● WHAT YOU HAVE TO DO:
Will you transcribe all the entries word for word, skipping the pictures they hold?

(Entries taken from a collection)
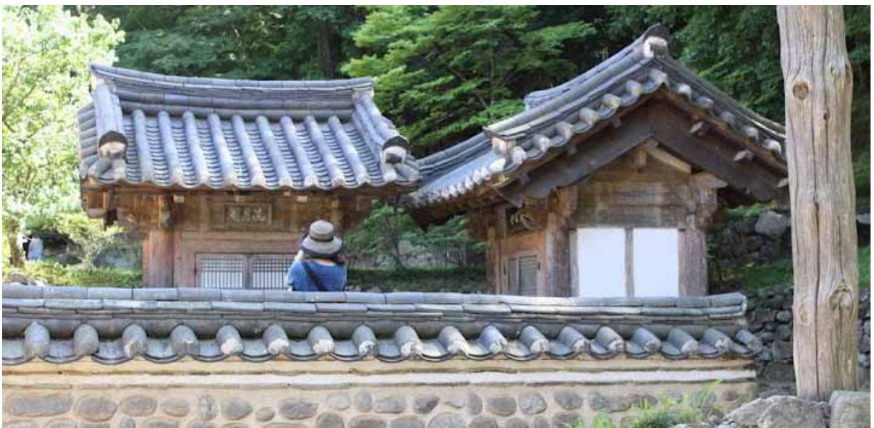
松廣寺的「滌珠閣」、「洗月閣」，是亡靈入寺前的淨身之處。
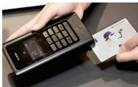
クレジットカード、銀行カード、Tポイントカード等の読取
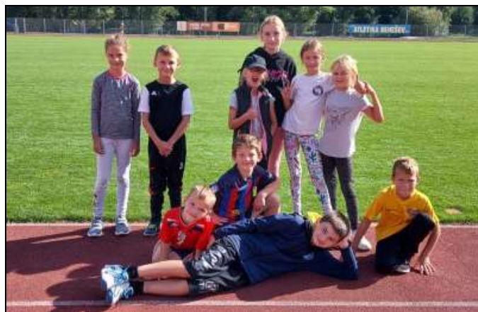
05. 10. 2023 – Atletická všestrannost v Benešově
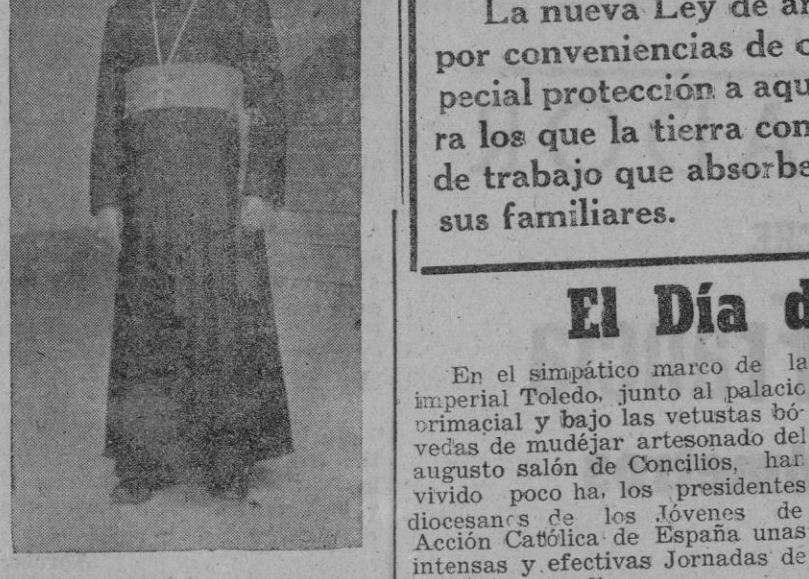
El Excmo. y Rdmto. Mons. Emílio Lissón, Arzobispo titular de Methymna

ble a España la Patria madre y lo han demostrado en repetidas ocasiones. Cuando se celebró el centenario de la independencia del país, fueron invitadas a las solemnidades conmemorativas todas las naciones, mas a España se dió la presidencia en todos los actos. Otro detalle. En el primitivo himno nacional había unas estrofas que herían la susceptibilidad de la madre Patria; pues el Congreso decidió fueran aquellas suprimidas. Además, según un artículo de la nueva Constitución, los españoles pueden nacionalizarse peruanos, mas no por ello pierden la nacionalidad primitiva. —¿...? — Mis planes? Ya le he dicho: contentísimo de encontrarme en España y de ayudar en lo que de mi parte está al venerable Arzobispo de Valencia, y siempre en manos de la Providencia. —¿...? — Y nos despedimos seguidamente del Excmo. y Rdmto. Monsenor Emílio Lissón después de besar reverentemente su anillo pastoral. Vosotros, los productores españoles, veniais clamando en lo que va de siglo contra la falta de un puesto y de un lugar para vosotros o los organismos institucionales, para que las actividades nacionales pudiesen ayudar a engrandecer a la Nación. Y hoy os hemos abierto ese canal y os ha enfrentado con una responsabilidad, pero al haberlo he de recordaros lo que contraís y la necesidad de que hermanéis vuestros propios intereses con los supremos de la Patria. (Del discurso del Caudillo en la inauguración de la Escuela de Formación Profesional).
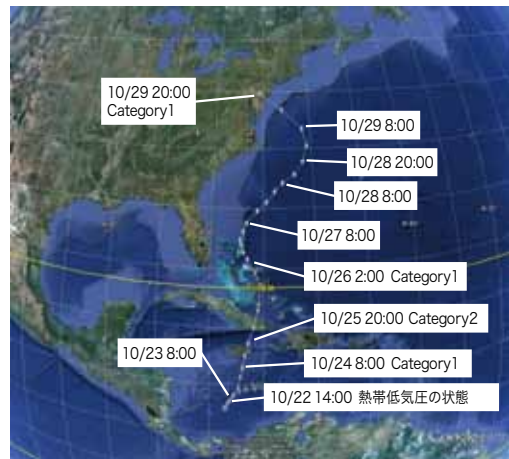
図2 ハリケーン・サンディ経路 (出典: 経路NOAA*1, 地図Google. 時間は米国東部夏時間。)

は8カ国(米国、ハイチ、キューバ、バハマ、カナダ、ドミニカ共和国、ジャマイカ、プエルトリコ)で300名以上とも言われており非常に多い。米国の被害金額は少なくとも500億ドル(約5兆円)と言われており、これは米国東海岸においてハリケーン・カトリナ(約1089億ドル)に次ぐ被害額である。
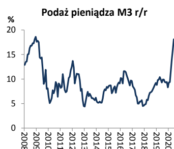
Wykres 2. Podaż pieniądza M3 (dynamika r/r)
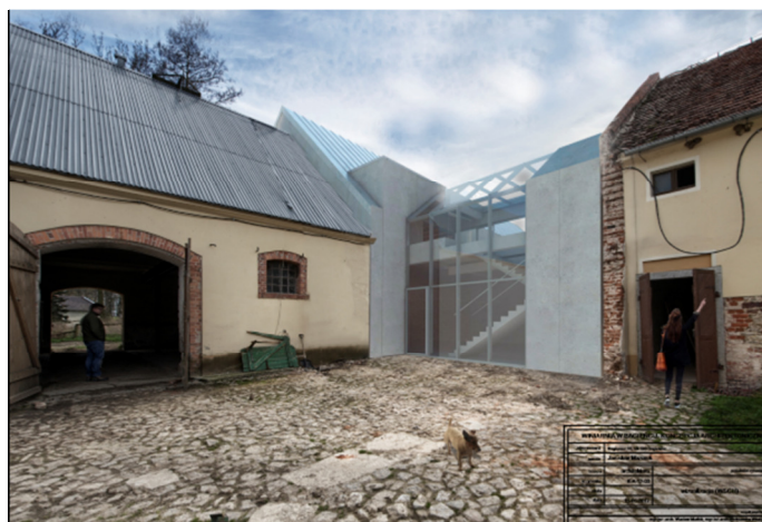
Rys. 6. Wizualizacja pierwsza, fot. A. Włodyka, Maj 2017

Ze względu na skalę rysunków zdecydowano się na nieumieszczanie rzutów poszczególnych kondygnacji oraz przekrojów.

● SOLUTION TO THE PROBLEM:
松廣寺的「滌珠閣」、「洗月閣」，是亡靈入寺前的淨身之處。
クレジットカード、銀行カード、Tポイントカード等の読取
05. 10. 2023 – Atletická všestrannost v Benešově
El Excmo. y Rdmto. Mons. Emílio Lissón, Arzobispo titular de Methymna

ble a España la Patria madre y lo han demostrado en repetidas ocasiones. Cuando se celebró el centenario de la independencia del país, fueron invitadas a las solemnidades conmemorativas todas las naciones, mas a España se dió la presidencia en todos los actos. Otro detalle. En el primitivo himno nacional había unas estrofas que herían la susceptibilidad de la madre Patria; pues el Congreso decidió fueran aquellas suprimidas. Además, según un artículo de la nueva Constitución, los españoles pueden nacionalizarse peruanos, mas no por ello pierden la nacionalidad primitiva. —¿...? — Mis planes? Ya le he dicho: contentísimo de encontrarme en España y de ayudar en lo que de mi parte está al venerable Arzobispo de Valencia, y siempre en manos de la Providencia. —¿...? — Y nos despedimos seguidamente del Excmo. y Rdmto. Monsenor Emílio Lissón después de besar reverentemente su anillo pastoral. Vosotros, los productores españoles, veniais clamando en lo que va de siglo contra la falta de un puesto y de un lugar para vosotros o los organismos institucionales, para que las actividades nacionales pudiesen ayudar a engrandecer a la Nación. Y hoy os hemos abierto ese canal y os ha enfrentado con una responsabilidad, pero al haberlo he de recordaros lo que contraís y la necesidad de que hermanéis vuestros propios intereses con los supremos de la Patria. (Del discurso del Caudillo en la inauguración de la Escuela de Formación Profesional).
図2 ハリケーン・サンディ経路 (出典: 経路NOAA*1, 地図Google. 時間は米国東部夏時間。)

は8カ国(米国、ハイチ、キューバ、バハマ、カナダ、ドミニカ共和国、ジャマイカ、プエルトリコ)で300名以上とも言われており非常に多い。米国の被害金額は少なくとも500億ドル(約5兆円)と言われており、これは米国東海岸においてハリケーン・カトリナ(約1089億ドル)に次ぐ被害額である。
Wykres 2. Podaż pieniądza M3 (dynamika r/r)
Rys. 6. Wizualizacja pierwsza, fot. A. Włodyka, Maj 2017

Ze względu na skalę rysunków zdecydowano się na nieumieszczanie rzutów poszczególnych kondygnacji oraz przekrojów.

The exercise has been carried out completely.